China’s government has announced it will allow married couples to have up to three children because of the dramatic decline in births.
The decision by the Communist Party to ease the two-child limit comes after recent data showed China’s fertility rate stands at 1.3 – below the level needed to maintain a stable population.
But the policy change may not be enough to encourage more births and avert a population crisis in the world’s most populous country.
Commerzbank senior economist Hao Zhou said the high cost of raising children in Chinese cities is a challenge that has prevented many couples from having more kids.
“If relaxing the birth policy was effective, the current two-child policy should have proven to be effective too,” he told Reuters.
“But who wants to have three kids? Young people could have two kids at most. The fundamental issue is living costs are too high and life pressures are too huge.”
The policy change will come with “supportive measures, which will be conducive to improving our country’s population structure”, the official Xinhua news agency said following a meeting chaired by President Xi Jinping.
Among those measures, China will lower educational costs for families, step up tax and housing support, guarantee the legal interests of working women and clamp down on “sky-high” dowries, it said, without giving specifics.
Giving couples the green light to have up to three kids may not be enough to convince them to increase their family. Photo: Getty
It would also look to educate young people “on marriage and love”.
Beijing scrapped its decades-old one-child policy in 2016, replacing it with a two-child limit to try and stave off risks to its economy from a rapidly ageing population.
But that failed to result in a sustained surge in births.

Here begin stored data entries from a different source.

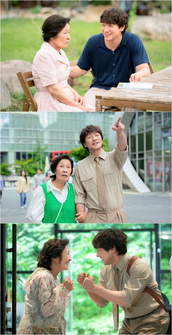 오는19일(토)첫 방송되는JTBC새 토일드라마‘천국보다 아름다운’(연출 김석윤,극본 이남규·김수진,제작 스튜디오 피닉스·SLL)측은10일,이해숙(김혜자 분)과 고낙준(손석구 분)의‘저 세상’케미스트리가 담긴 스틸컷을 공개했다.
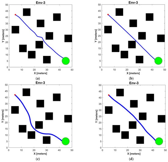 Results of path under scenario 3: (a) RRT*; (b) Informed-RRT*; (c) spRRT; (d) spRRT-Informed.
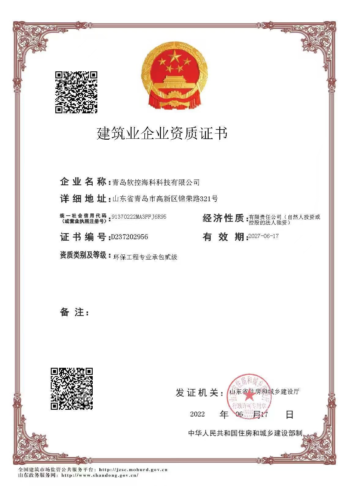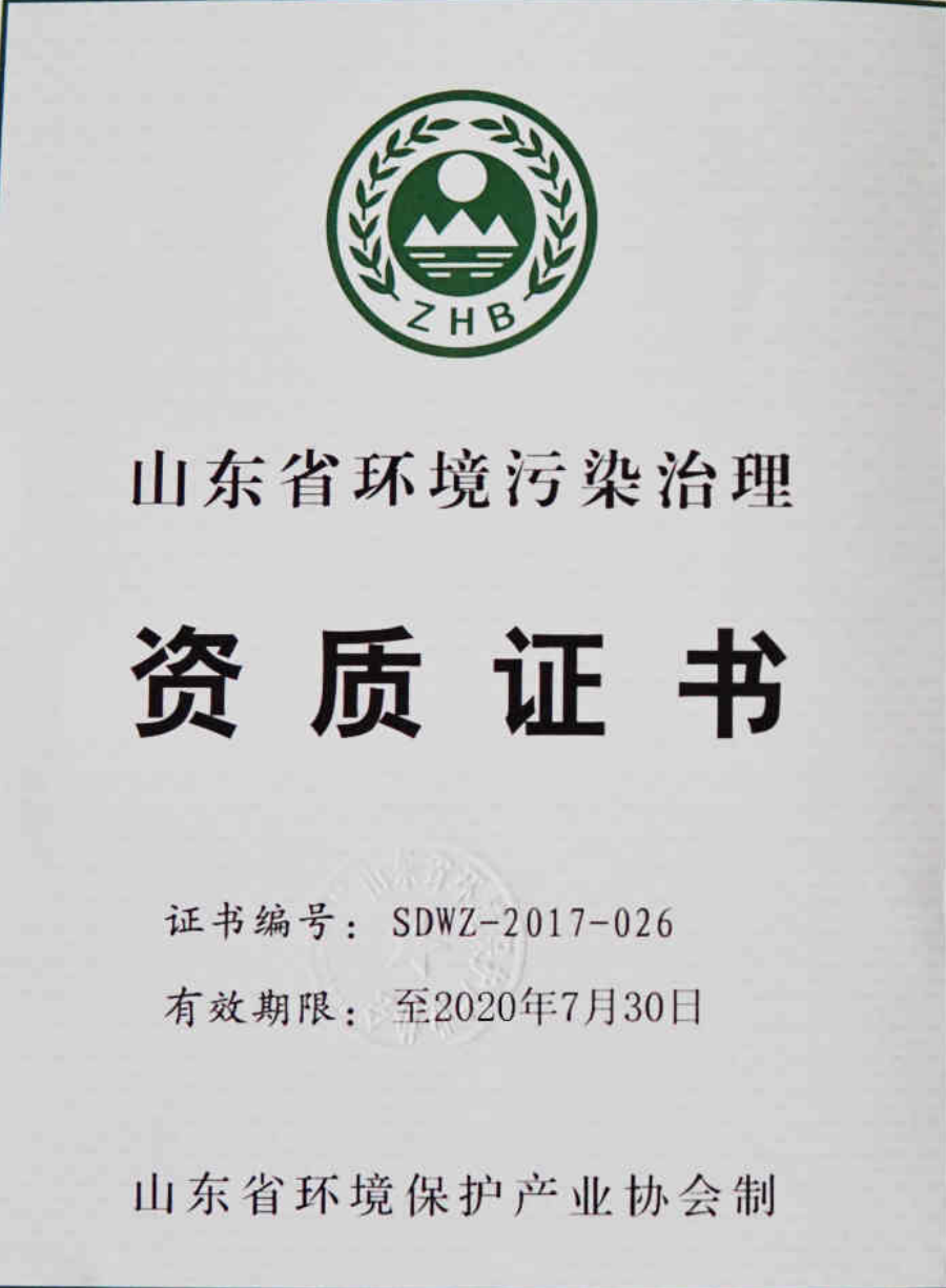 山东省环境污染治理资质证书
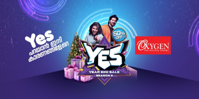 കേരളത്തിലുടനീളമുള്ള എല്ലാ ഓക്സിജൻ ഷോറൂമുകളിലും ഓക്സിജൻ ‘യെസ്’ ഇയർ എൻഡ് സെയിൽ സീസൺ 5 ഇതിനോടകം ആരംഭിച്ചു കഴിഞ്ഞു. തങ്ങളുടെ ഡിജിറ്റൽ, ഹോം അപ്ലയൻസസ് സ്വപ്നങ്ങളോട് ‘YES’ പറയാൻ ആഗ്രഹിക്കുന്നവർക്ക് ഇനി മടിച്ചുനിൽക്കേണ്ടതില്ല. “ഇനി YES പറയാൻ കാരണങ്ങളേറെ” എന്ന മുദ്രാവാക്യവുമായി ഓക്സിജൻ ഷോറൂമുകൾ സന്ദർശിച്ച്, ഈ വർഷാവസാനത്തിലെ ഏറ്റവും വലിയ ഷോപ്പിംഗ് അനുഭവത്തിന്റെ ഭാഗമാകാൻ ഏവരെയും ക്ഷണിക്കുന്നു.
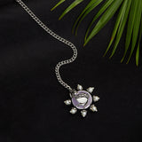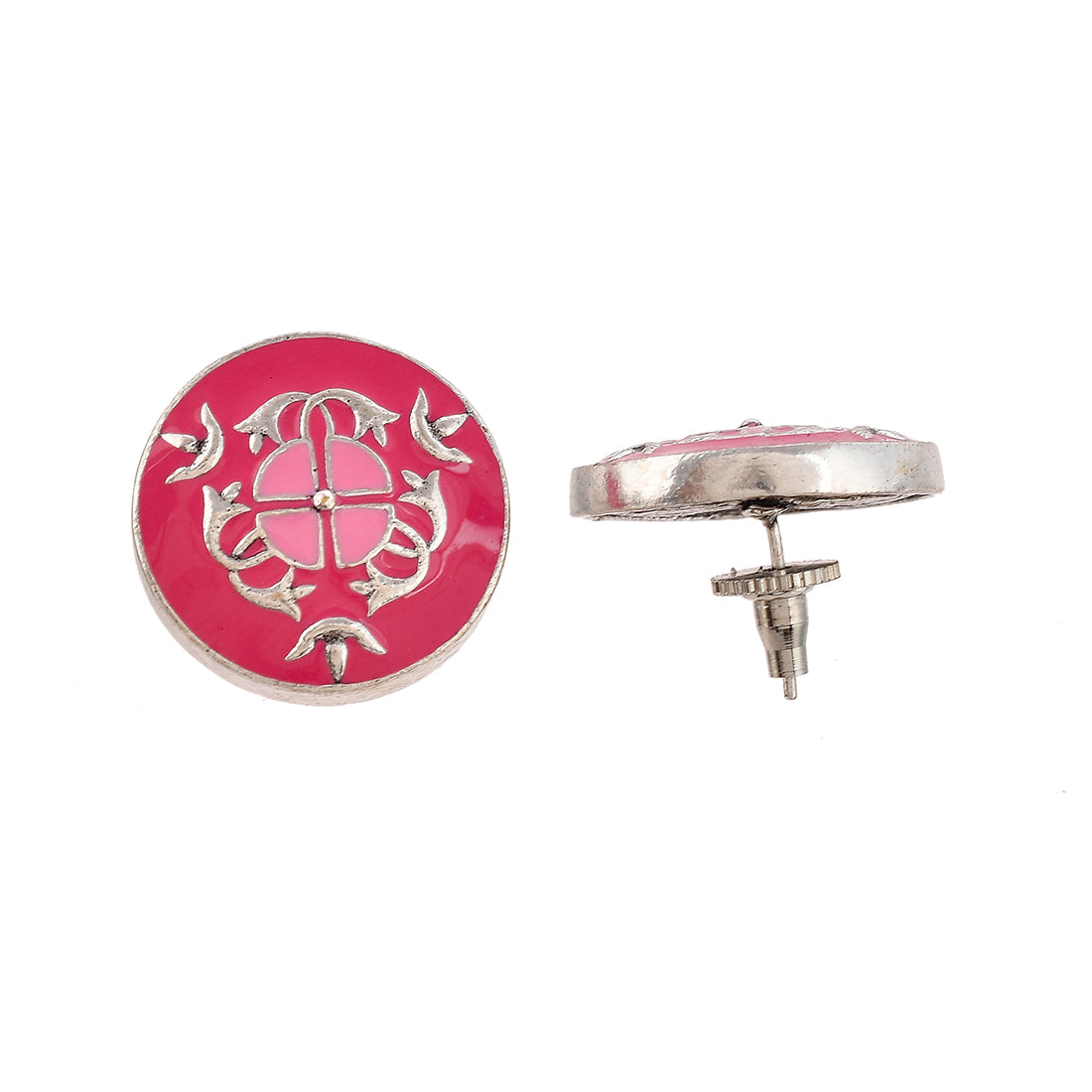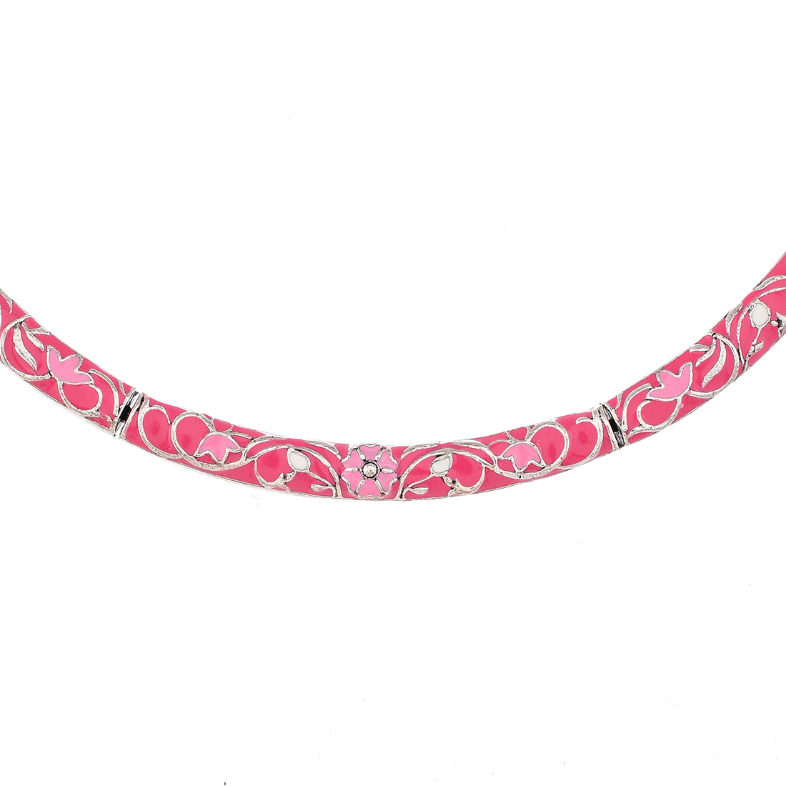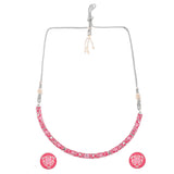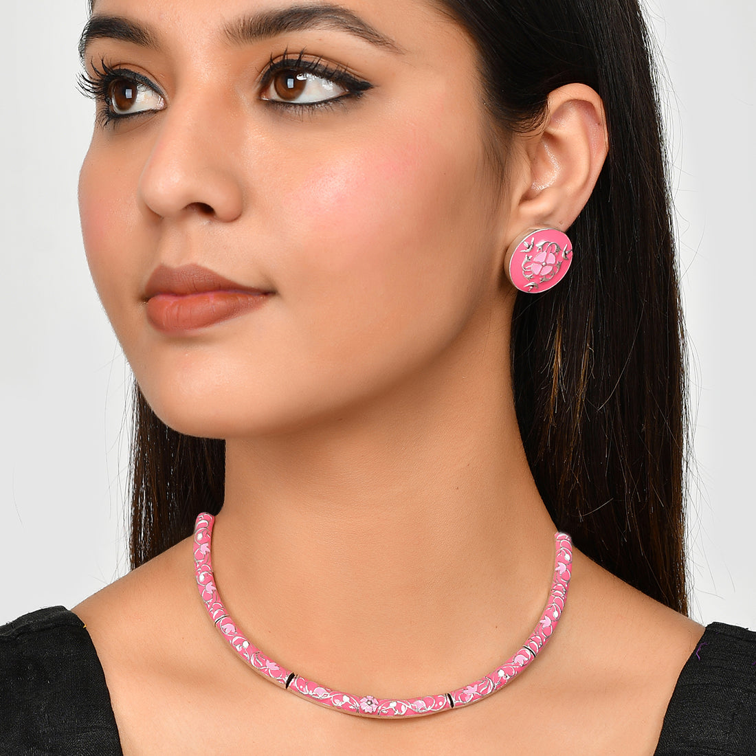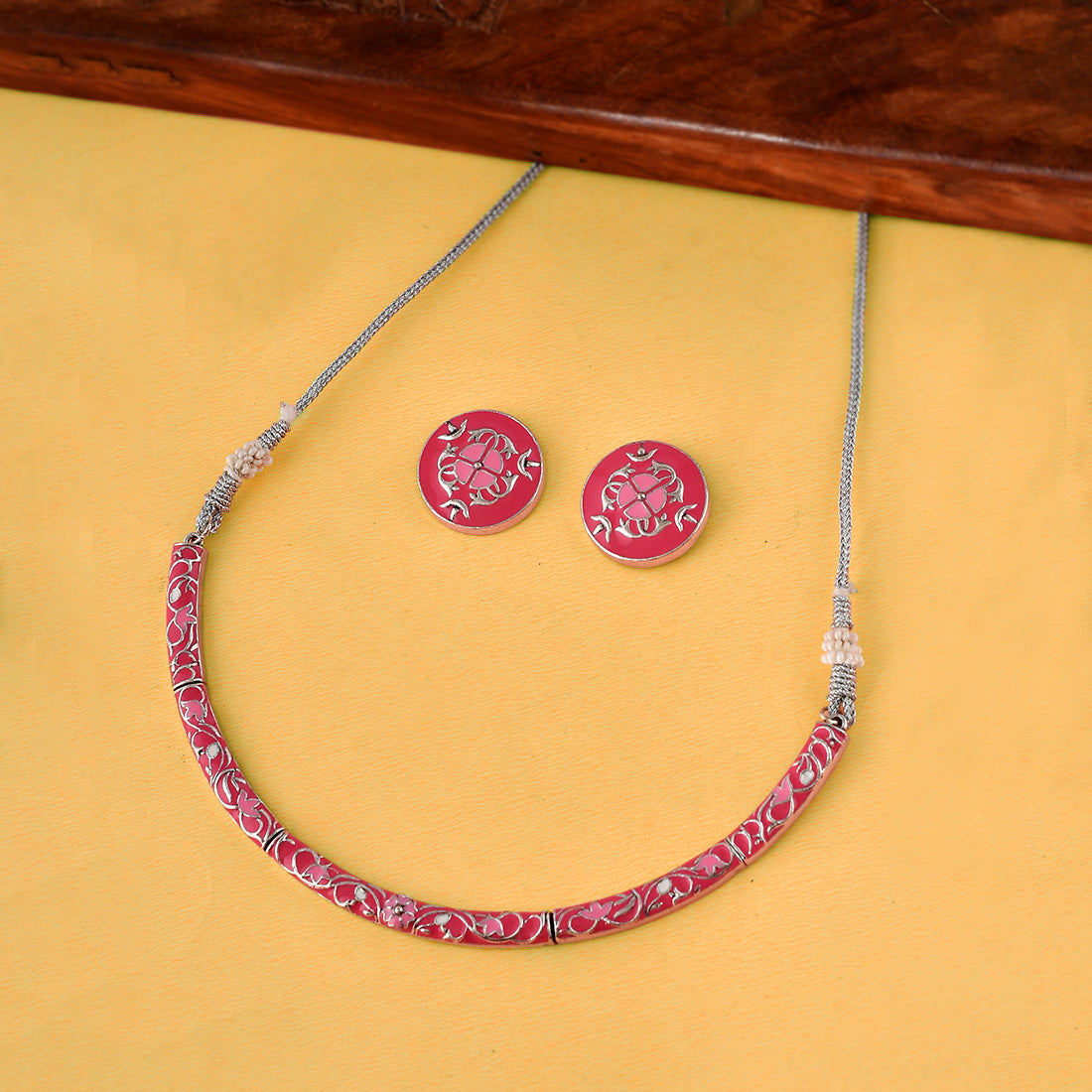 Enameled Elegance Pink Silver Oxidized Necklace Set

In early May, a once-in-a-decade census showed that China’s population grew at its slowest rate during the last decade since the 1950s, to 1.41 billion.
This fuelled concerns that the country would grow old before it gets wealthy as well as criticism that it had waited too long to address declining births.

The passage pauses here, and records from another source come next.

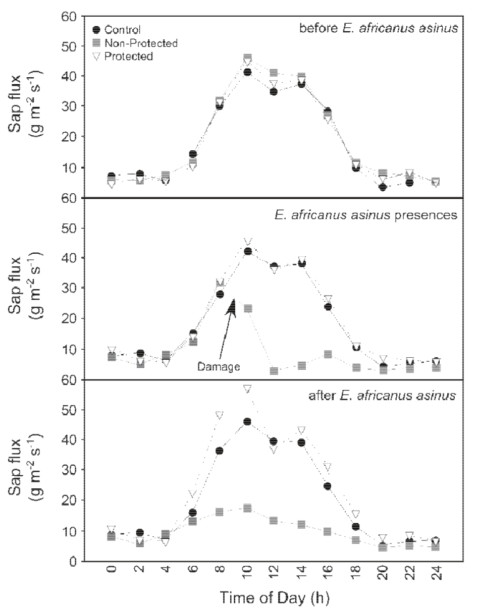 The reduction in sap flow values was observed (p < 0.001) immediately after damage caused by E. africanus asinus (Figure 3). With the presence of E. africanus asinus, in non-protected branches, there was sap flow but with lower value than that observed in control area. In this same time, the protected branches increased the sap flow values (Figure 3).
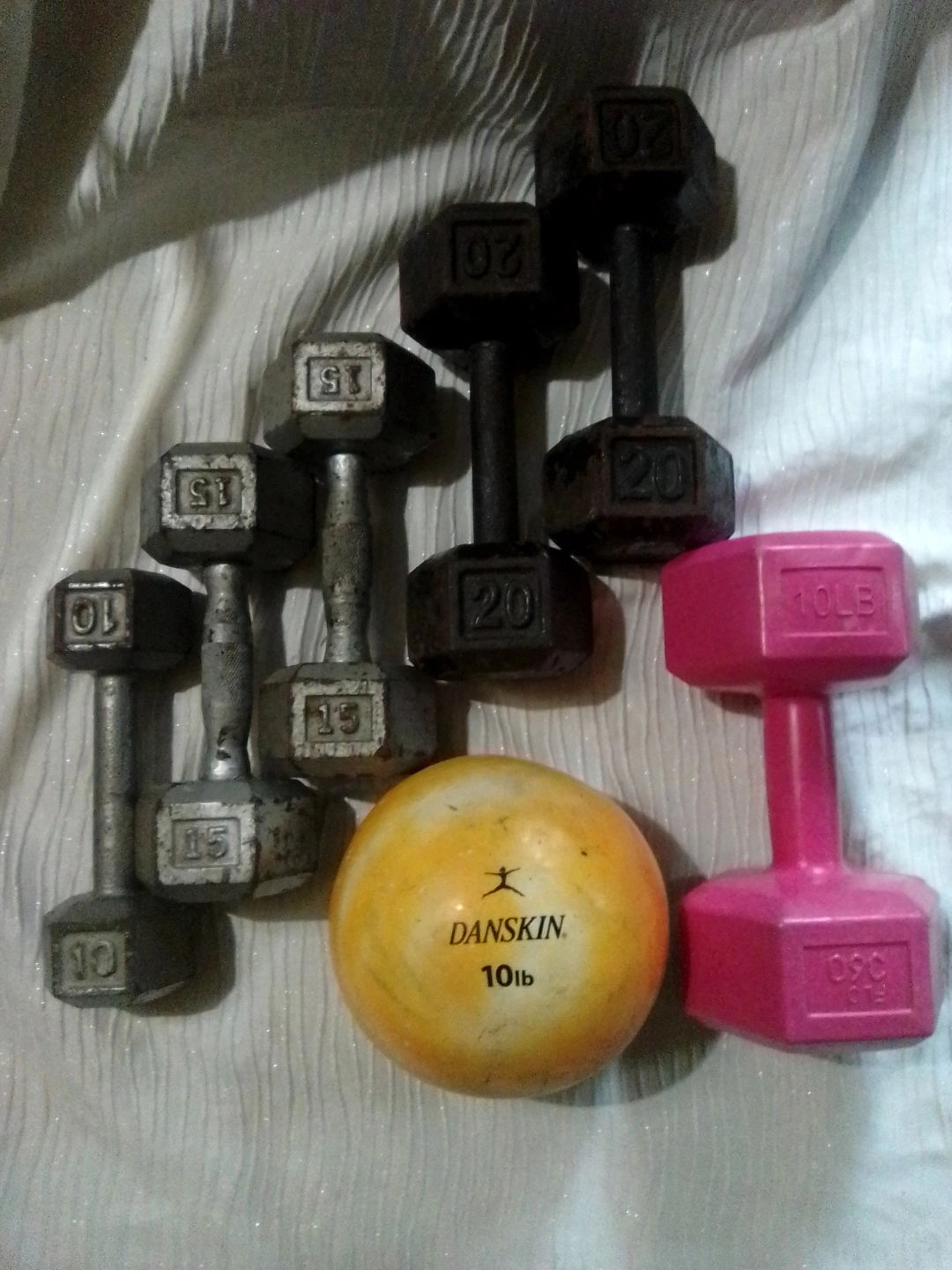 335Set of used dumbbells, various weights. Includes one 10lb medicine ball. Some rust and wear.
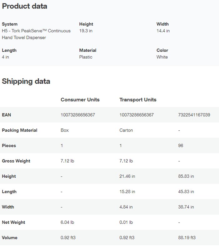 Tork - Model PeakServe® Mini -Hand Towel Dispenser White
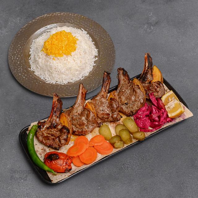 یک سیخ بره کباب گوشت گوسفندی 200 گرمی، 350 گرم برنج ایرانی، دورچین فصل

Zhang Xinyu, a 30-year-old mother of one from Zhengzhou, the capital of Henan province, said the problem was that women bore most of the responsibility for raising children.

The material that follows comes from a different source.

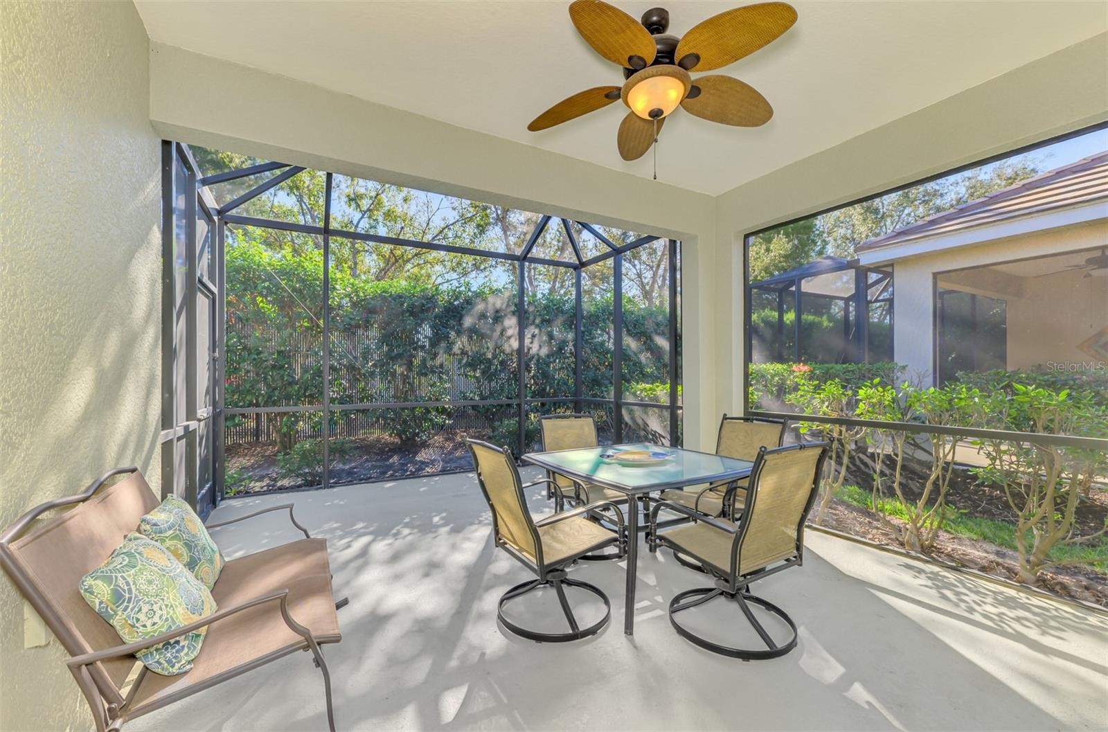 START LIVING YOUR SUNCOAST DREAM TODAY! This beautifully appointed maintenance-free villa is being offered fully turnkey and furnished, for a truly effortless move-in. Three bedrooms and two baths provide a comfortable split layout for privacy, while custom finishes add a polished touch throughout. Blending Coastal style with everyday functionality, this home has been thoughtfully designed with an open floor plan, upgraded kitchen cabinetry, stylish window treatments, crown molding, stone countertops, gas cooking, and a kitchen island. There is no carpeting in the entire home, just beautiful tile and wood flooring. ** Located in the back of the Fairfield neighborhood, you can relax on the extended screened lanai that is plumbed for a gas grill; enjoy the convenience of a true, full two-car garage with epoxy floors and storage; and take comfort in a newer AC system (less than two years old). Fairfield is a gated, maintenance-free community that offers amenities such as a heated spa and pool, fitness room, and gathering room, all in an unbeatable location close to UTC, Lakewood Ranch, downtown Sarasota, SRQ Airport, and the area’s renowned Gulf beaches. Just bring your suitcase—Florida living starts here!

“If men could do more to raise the child, or if families could give more consideration for women who had just had children, actually a lot of women would be able to have a second child,” she told Reuters.
“But thinking of the big picture, realistically, I don’t want to have a second child. And a third is even more impossible.”
Human rights group Amnesty International said China’s new three-child policy still violates the sexual and reproductive rights of its people.
“Governments have no business regulating how many children people have,” the group’s China team head, Joshua Rosenzweig, told the BBC.
“Rather than ‘optimising’ its birth policy, China should instead respect people’s life choices and end any invasive and punitive controls over people’s family planning decisions.”